Fashion exhibitions are always difficult, especially exhibitions of contemporary fashion. Quite often photos of the collection can be viewed online and sometimes even a video of the catwalk show, so you can see how the clothes move. If you want to see the actual clothes you can just walk into Harvey Nichols, the Galeries Lafayette or any other high end department store or of course the designer's own boutique if he or she has one. So what added value does an exhibition have?

Many fashion designers themselves, when given the opportunity to do an exhibition, also grapple with this question. One option is to ask a famous scenographer to design the exhibition, as in the Giorgio Armani show at the Guggenheim Museum and the Royal Academy in London, which was designed by Robert Wilson. Another option is to do something experimental that would otherwise be difficult to realize. Martin Margiela collaborated with a microbiologist for an exhibition at the Boymans van Beuningen Museum in Rotterdam, The Netherlands. The clothes were hung outside. Each cloth was treated with a different bacteria, which over time and under the influence of moist and sun, caused the clothes to discolour.
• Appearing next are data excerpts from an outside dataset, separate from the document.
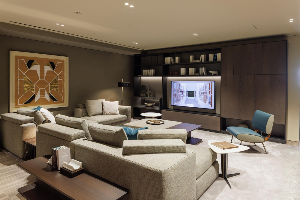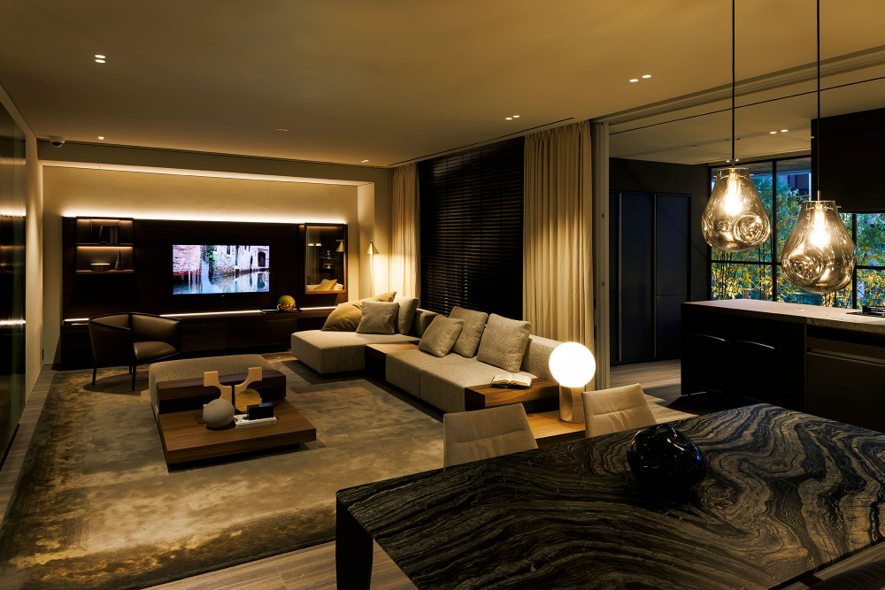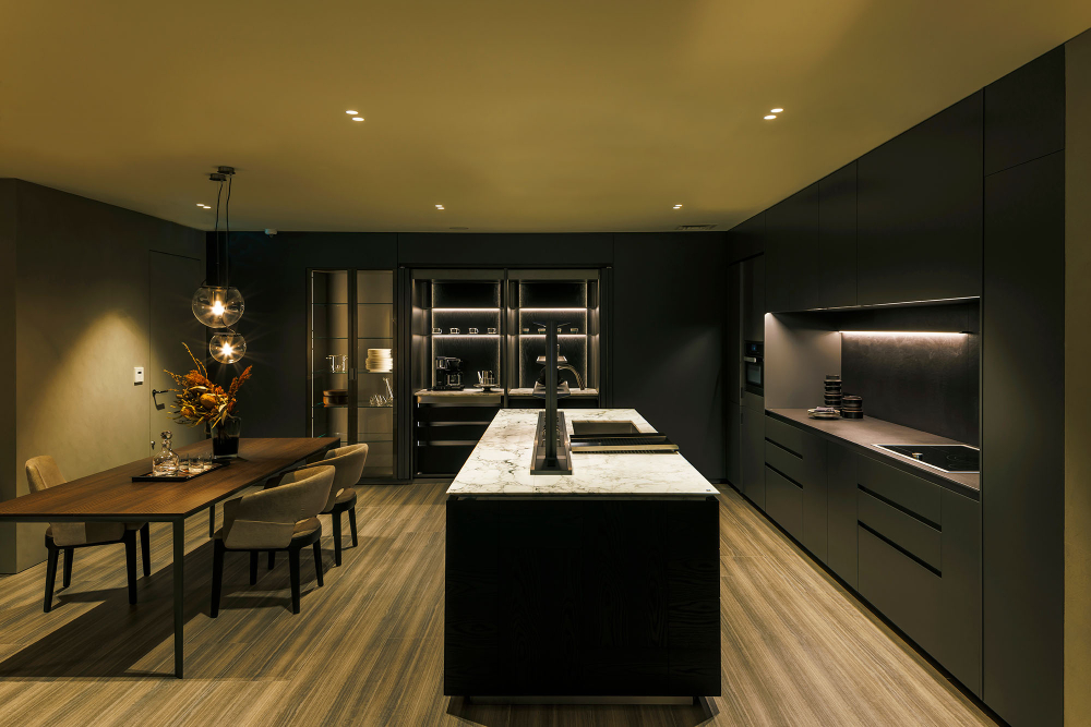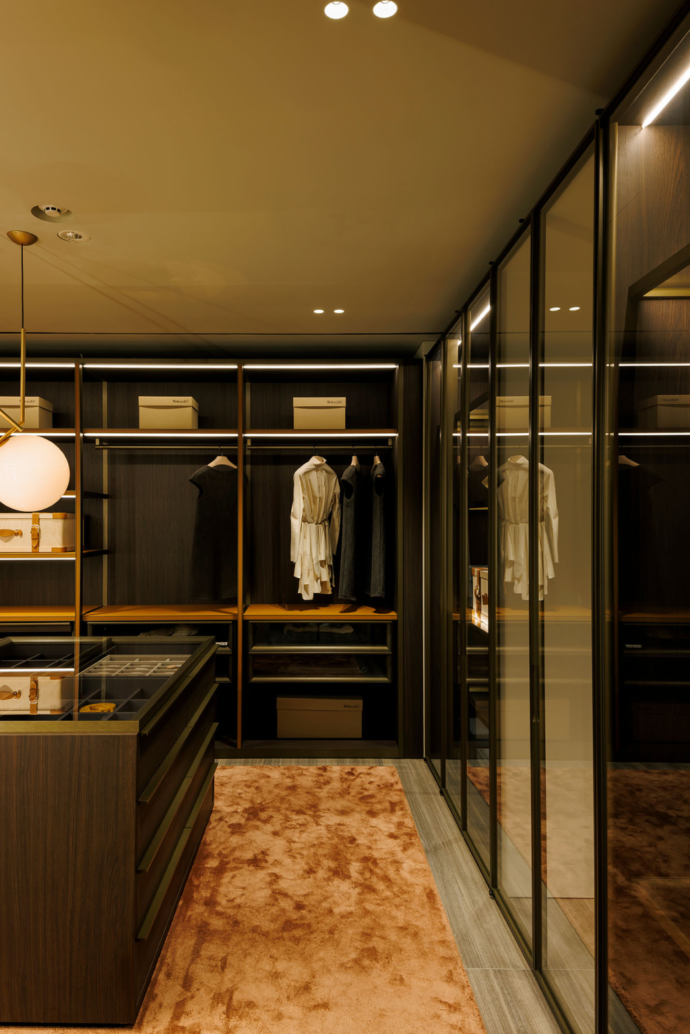 リビング、ダイニング、ベッドルームの他、モルテーニの代名詞とも言えるワードローブシステムで構成されたウォークインクローゼットや、機能美溢れるキッチンも2つのエリアでご覧いただけます。
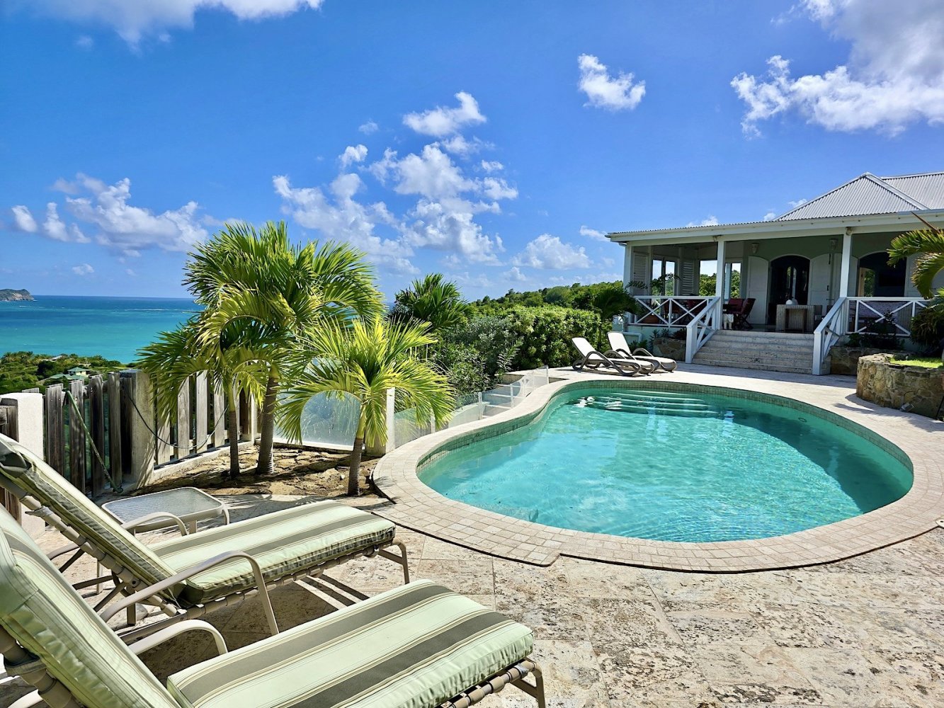The two spacious guest bedrooms on the lower ground floor offer glorious sea views with their own private verandas and are blessed with cooling breezes. With the swimming pool, outdoor living areas, and short downhill walk to Willoughby Bay, this home is an oasis of tranquility. A spacious garage for one auto is currently used as a woodworking shop by the owners. Above the rear half of the garage is a newly constructed artist studio. This space could easily be extended the full length of the garage to make for a fourth bedroom. And the 1-acre parcel could accommodate a nice guest cottage for additional living area, if desired.
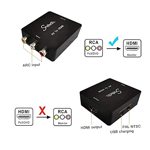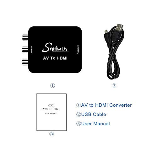 Snxiwth RCA a HDMI Convertitore,Adattatore da AV to HDMI 1080P, CVBS Composito Video Audio a HDMI Convertitore,con USB Cavo per TV PC PS3 Blue-Ray DVD XBOX SKY HD VHS VCR,Nero
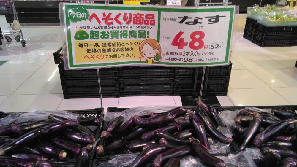 おはようございます!みしまや春日店青果コーナーです。本日のへそくりは熊本県産ナスです。お一家族様3本まで1本48円、4本目からは98円です。是非お買い求めくださいませ!
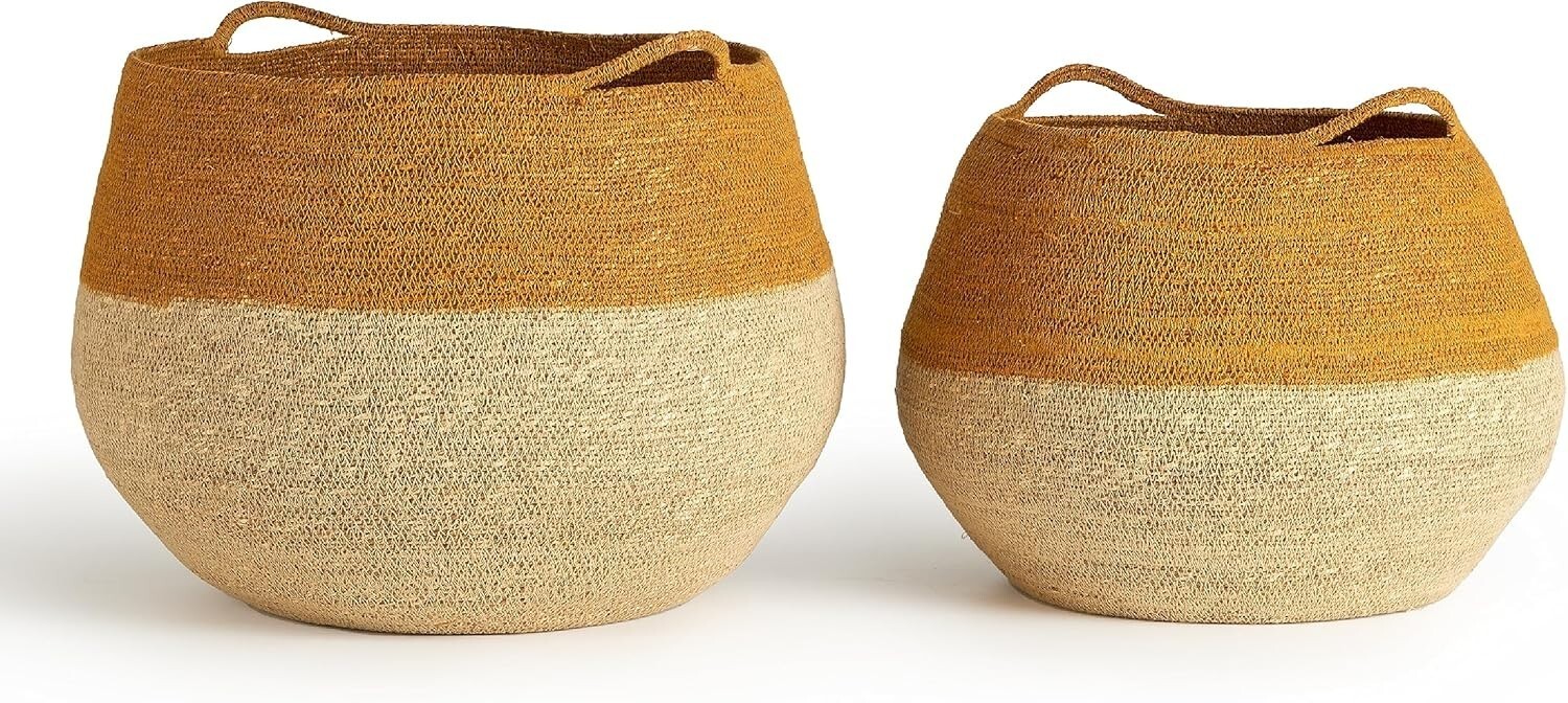 100% Natural material : Our baskets are made of seagrass ? one of the materials that humans have used the longest to braid various types of objects, with our color variations create a warm, rustic vibe. Sea grass has natural color variations which makes every basket unique There may be slight variance in size due to the nature of handmade items.

At the Hussein Chalayan retrospective at the Groninger Museum you can find the obvious models, photos, excerpts from videos of several collections and the installations that Hussein Chalayan often makes to accompany a collection, such as the furniture that folds into suitcases of his fall winter 2000 collection. Also on show is the futuristic short film "Place to Passage" that Halayan made in 2003 about a woman who travels inside a capsule from London to Istanbul and back.

The most interesting part of the exhibition is the setting Hussein Chalayan created in the Coop Himmelb(l)au pavilion of the Groninger Museum. I loved the reflections in the mirrors on which the mannequins are standing.

Hussein Chalayan is at the Groninger Museum, Groningen, The Netherlands until 4 September 2005.